EXTRACTED INFORMATION:
BEGIN
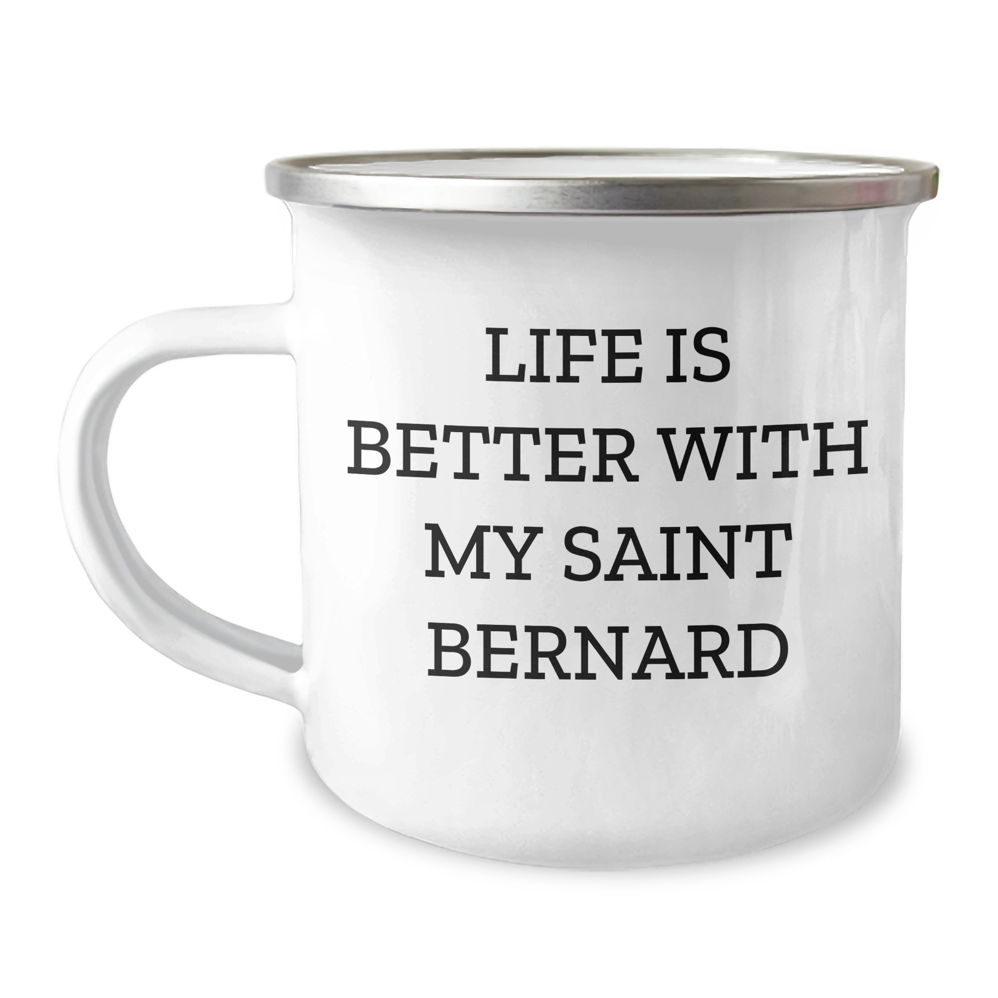- Bring the warmth and joy of your Saint Bernard dog to your outdoor adventures with this unique camping mug, featuring the inspiring quote 'Life Is Better With My Saint Bernard' to remind you of the importance of companionship and friendship. The 12 oz capacity stainless steel mug with enamel finish ensures your coffee or tea stays hot and fresh throughout your camping trip, and the permanent printing won't fade after washing.
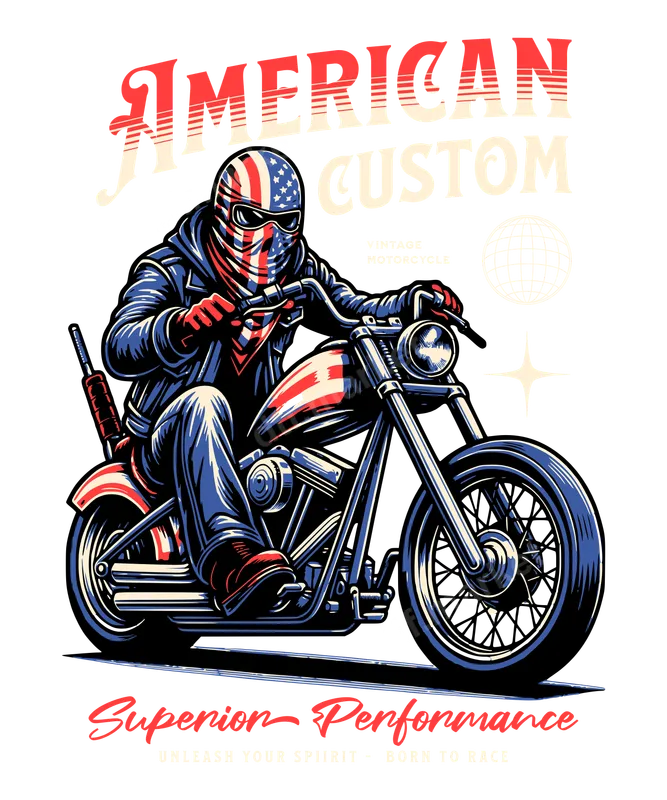 See allRev up your style with this dynamic American Custom Biker DTF transfer, featuring a cool rider donning an American flag bandana on a classic vintage motorcycle. The bold design, emblazoned with "AMERICAN CUSTOM" and "Superior Performance - UNLEASH YOUR SPIIRIT - BORN TO RACE," captures the essence of freedom and the open road. This high-quality DTF transfer is ready to press, allowing you to easily personalize your apparel with a striking, professional finish. This iconic heat press design is perfect for motorcycle enthusiasts, members of biker clubs, and anyone who loves vintage Americana or custom culture. It makes an ideal gift for Father's Day, birthdays, patriotic holidays like Memorial Day or Independence Day, or simply to express a love for the biker lifestyle. Create unique custom apparel for rallies, road trips, or just everyday wear that stands out from the crowd. Applying this iron on transfer is straightforward, making it accessible for both beginners and experienced crafters. It works beautifully on a wide range of fabrics including cotton, polyester, and their blends. For best results, use a heat press at 300-325°F for 15 seconds with medium pressure, then perform a cool peel. A household iron can also be used with care. There's no need for tedious weeding, saving you time and effort. Our professional-grade t-shirt transfers ensure vibrant colors and exceptional durability. The design is crack-resistant, soft to the touch, and made with a strong adhesive that binds perfectly to your garment. Experience superior performance and unleash your spirit with an apparel transfer that truly lasts, reflecting the quality and passion of the open road.
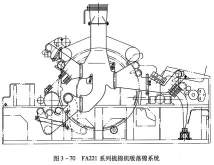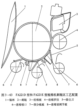 FA221D型和FA221E型梳棉机的刺辊下装有两块落棉量调节板、三把除尘刀、两块预分梳板、一块光滑的三角罩板以及三只吸口(图3—63)。通过调节机构,可调节各机件与刺辊隔距以及后车肚落杂量。
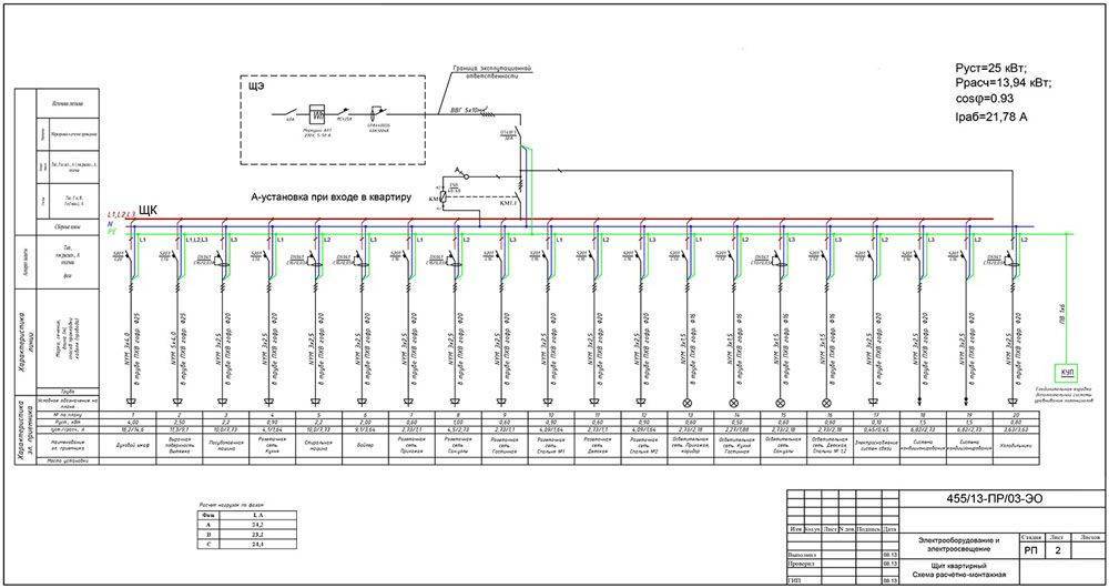 Расчётная схема квартирного щита загородного дома
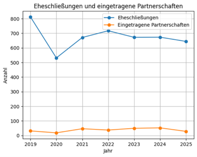 Im Vergleich zu 2024 wurden im Jahr 2025 27 Eheschließungen weniger registriert, während die Zahl der eingetragenen Partnerschaften um 24 sank.
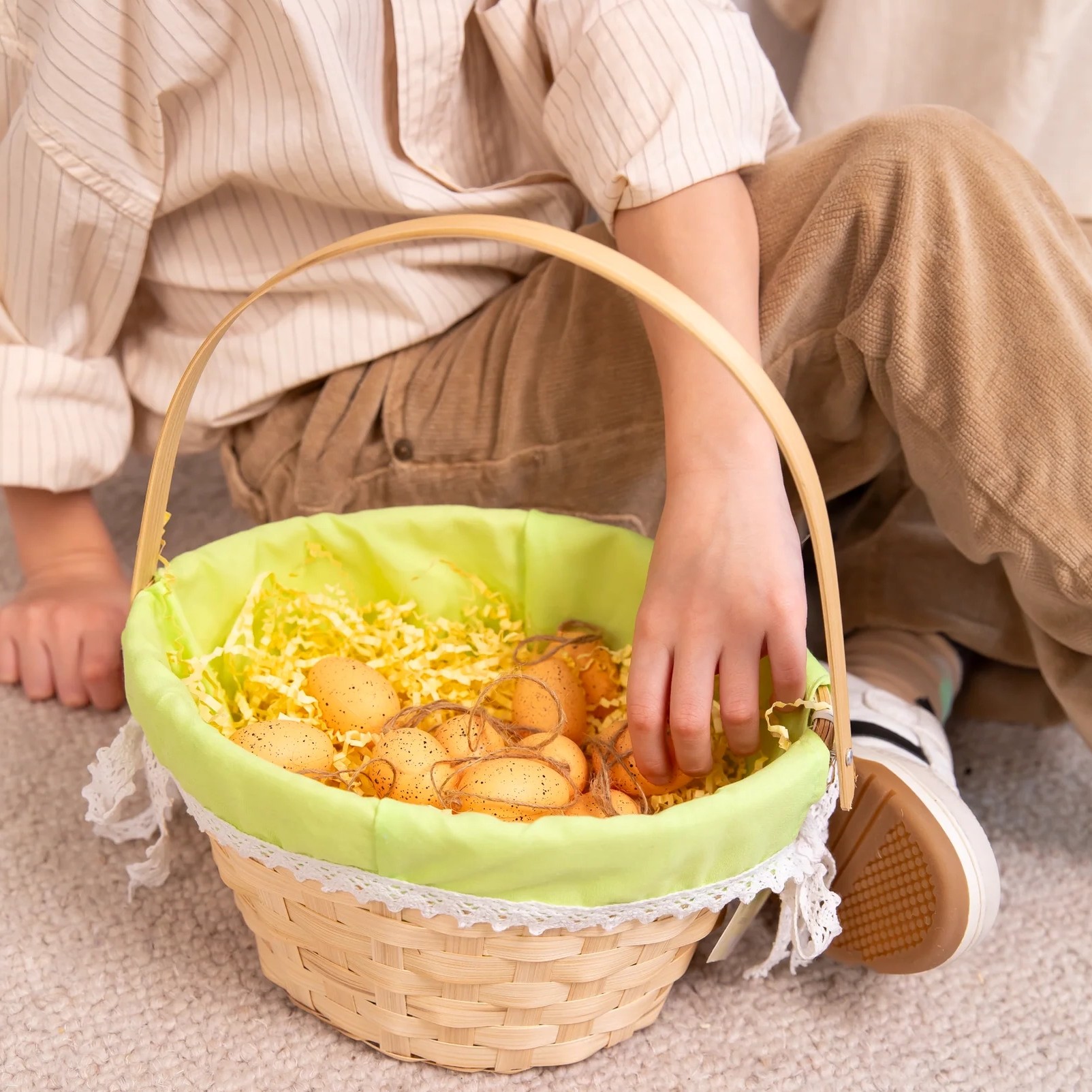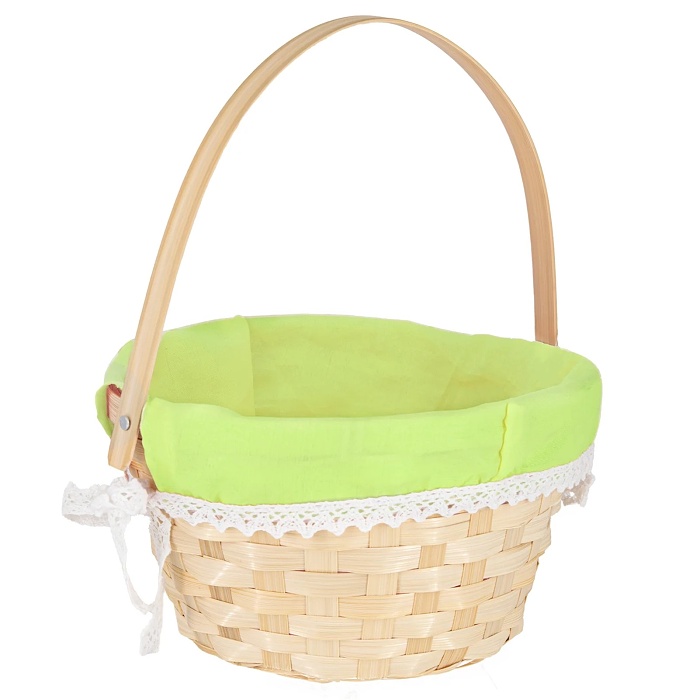 Tento krásný a tradiční košík je vyrobený z kvalitního bambusu a je vystlaný jemnou zelenou látkou, která dodává jeho vzhledu svěžest a eleganci. Krajkové zakončení přidává jemný rustikální nádech, díky čemuž je vhodný nejen na Velikonoce, ale i na jiné příležitosti, jako jsou Boží tělo, aranžování květin či balení dárků.
END
The entries should be printed again exactly as written, leaving all pictures out.

OUTPUT OF THE TASK:
- Bring the warmth and joy of your Saint Bernard dog to your outdoor adventures with this unique camping mug, featuring the inspiring quote 'Life Is Better With My Saint Bernard' to remind you of the importance of companionship and friendship. The 12 oz capacity stainless steel mug with enamel finish ensures your coffee or tea stays hot and fresh throughout your camping trip, and the permanent printing won't fade after washing.
 See allRev up your style with this dynamic American Custom Biker DTF transfer, featuring a cool rider donning an American flag bandana on a classic vintage motorcycle. The bold design, emblazoned with "AMERICAN CUSTOM" and "Superior Performance - UNLEASH YOUR SPIIRIT - BORN TO RACE," captures the essence of freedom and the open road. This high-quality DTF transfer is ready to press, allowing you to easily personalize your apparel with a striking, professional finish. This iconic heat press design is perfect for motorcycle enthusiasts, members of biker clubs, and anyone who loves vintage Americana or custom culture. It makes an ideal gift for Father's Day, birthdays, patriotic holidays like Memorial Day or Independence Day, or simply to express a love for the biker lifestyle. Create unique custom apparel for rallies, road trips, or just everyday wear that stands out from the crowd. Applying this iron on transfer is straightforward, making it accessible for both beginners and experienced crafters. It works beautifully on a wide range of fabrics including cotton, polyester, and their blends. For best results, use a heat press at 300-325°F for 15 seconds with medium pressure, then perform a cool peel. A household iron can also be used with care. There's no need for tedious weeding, saving you time and effort. Our professional-grade t-shirt transfers ensure vibrant colors and exceptional durability. The design is crack-resistant, soft to the touch, and made with a strong adhesive that binds perfectly to your garment. Experience superior performance and unleash your spirit with an apparel transfer that truly lasts, reflecting the quality and passion of the open road.
 FA221D型和FA221E型梳棉机的刺辊下装有两块落棉量调节板、三把除尘刀、两块预分梳板、一块光滑的三角罩板以及三只吸口(图3—63)。通过调节机构,可调节各机件与刺辊隔距以及后车肚落杂量。
 Расчётная схема квартирного щита загородного дома
 Im Vergleich zu 2024 wurden im Jahr 2025 27 Eheschließungen weniger registriert, während die Zahl der eingetragenen Partnerschaften um 24 sank.
 Tento krásný a tradiční košík je vyrobený z kvalitního bambusu a je vystlaný jemnou zelenou látkou, která dodává jeho vzhledu svěžest a eleganci. Krajkové zakončení přidává jemný rustikální nádech, díky čemuž je vhodný nejen na Velikonoce, ale i na jiné příležitosti, jako jsou Boží tělo, aranžování květin či balení dárků.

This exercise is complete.